> _WHAT YOU SHOULD DO_
Transcribe the lines below verbatim, skipping the images.

[Opening PROVIDED MATERIAL section]

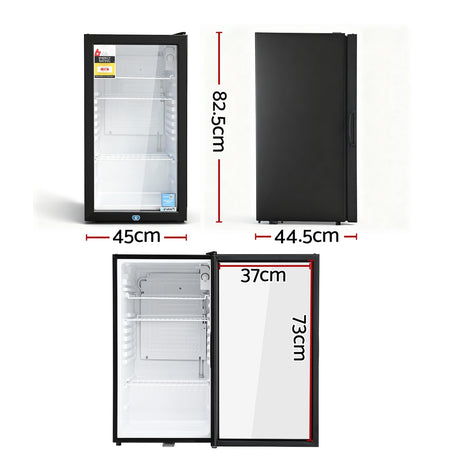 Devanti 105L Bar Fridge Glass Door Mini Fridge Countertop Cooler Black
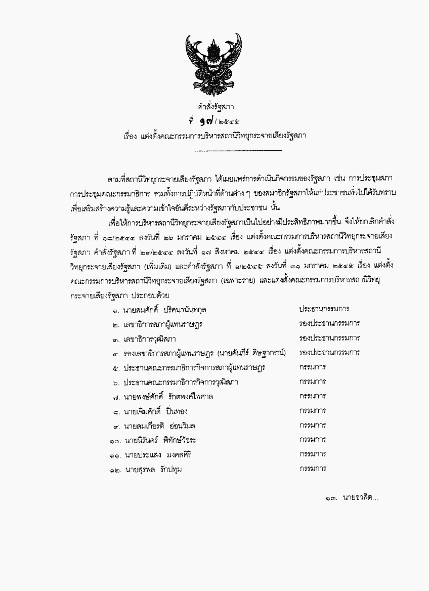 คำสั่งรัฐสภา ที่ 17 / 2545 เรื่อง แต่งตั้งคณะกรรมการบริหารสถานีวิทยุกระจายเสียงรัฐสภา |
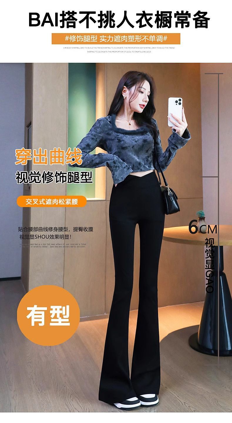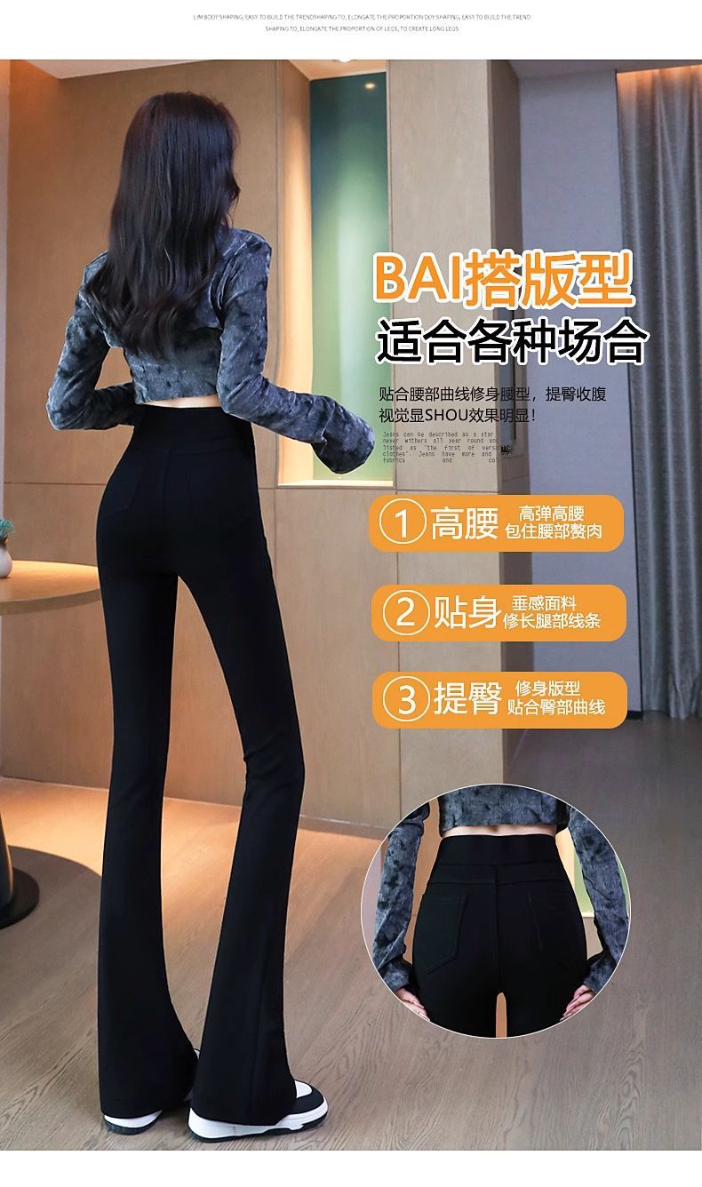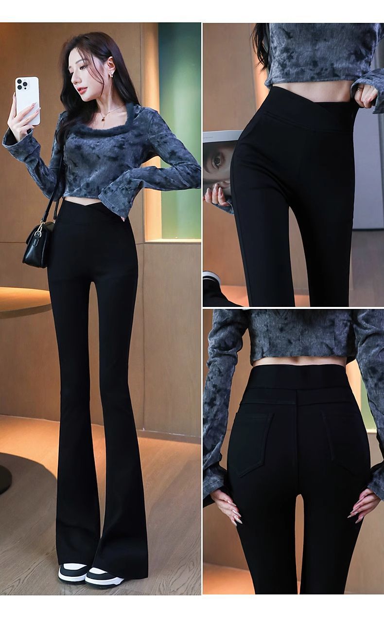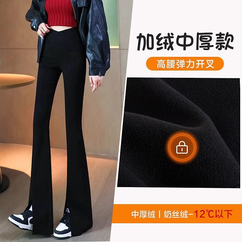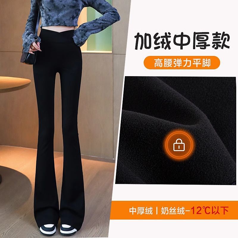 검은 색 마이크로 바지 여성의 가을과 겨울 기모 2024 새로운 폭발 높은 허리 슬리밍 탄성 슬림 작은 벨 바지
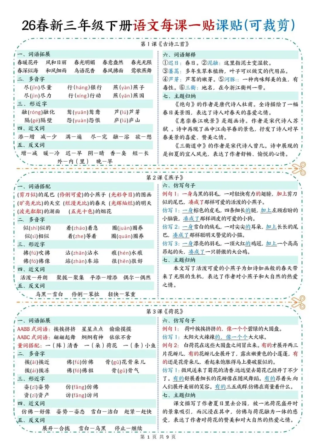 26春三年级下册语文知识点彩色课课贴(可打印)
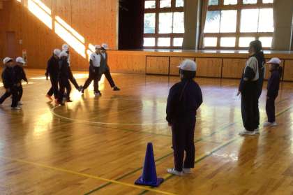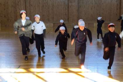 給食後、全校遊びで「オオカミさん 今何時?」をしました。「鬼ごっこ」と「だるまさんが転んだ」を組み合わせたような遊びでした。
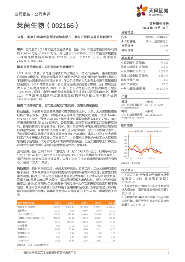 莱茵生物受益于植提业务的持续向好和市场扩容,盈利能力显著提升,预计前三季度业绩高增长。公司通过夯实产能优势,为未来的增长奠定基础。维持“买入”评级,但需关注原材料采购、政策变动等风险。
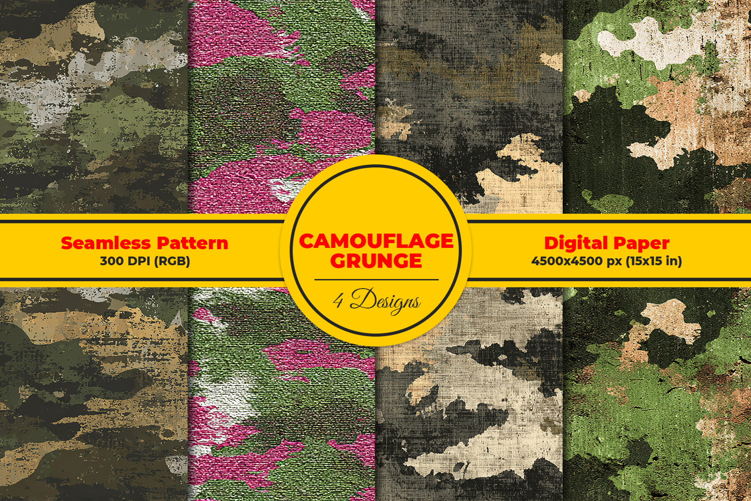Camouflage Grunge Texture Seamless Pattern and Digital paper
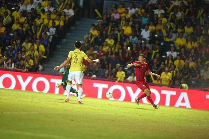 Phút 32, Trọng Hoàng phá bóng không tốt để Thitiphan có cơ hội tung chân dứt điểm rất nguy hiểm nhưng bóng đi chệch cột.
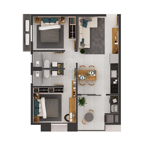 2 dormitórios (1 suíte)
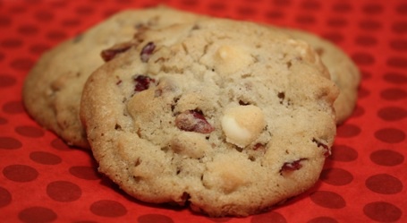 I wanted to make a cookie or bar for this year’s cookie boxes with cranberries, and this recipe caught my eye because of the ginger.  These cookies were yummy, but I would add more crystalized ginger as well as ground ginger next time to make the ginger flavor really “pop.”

[Closing PROVIDED MATERIAL section]

> _RESPONSE BELOW_
 Devanti 105L Bar Fridge Glass Door Mini Fridge Countertop Cooler Black
 คำสั่งรัฐสภา ที่ 17 / 2545 เรื่อง แต่งตั้งคณะกรรมการบริหารสถานีวิทยุกระจายเสียงรัฐสภา |
 검은 색 마이크로 바지 여성의 가을과 겨울 기모 2024 새로운 폭발 높은 허리 슬리밍 탄성 슬림 작은 벨 바지
 26春三年级下册语文知识点彩色课课贴(可打印)
 給食後、全校遊びで「オオカミさん 今何時?」をしました。「鬼ごっこ」と「だるまさんが転んだ」を組み合わせたような遊びでした。
 莱茵生物受益于植提业务的持续向好和市场扩容,盈利能力显著提升,预计前三季度业绩高增长。公司通过夯实产能优势,为未来的增长奠定基础。维持“买入”评级,但需关注原材料采购、政策变动等风险。
Camouflage Grunge Texture Seamless Pattern and Digital paper
 Phút 32, Trọng Hoàng phá bóng không tốt để Thitiphan có cơ hội tung chân dứt điểm rất nguy hiểm nhưng bóng đi chệch cột.
 2 dormitórios (1 suíte)
 I wanted to make a cookie or bar for this year’s cookie boxes with cranberries, and this recipe caught my eye because of the ginger.  These cookies were yummy, but I would add more crystalized ginger as well as ground ginger next time to make the ginger flavor really “pop.”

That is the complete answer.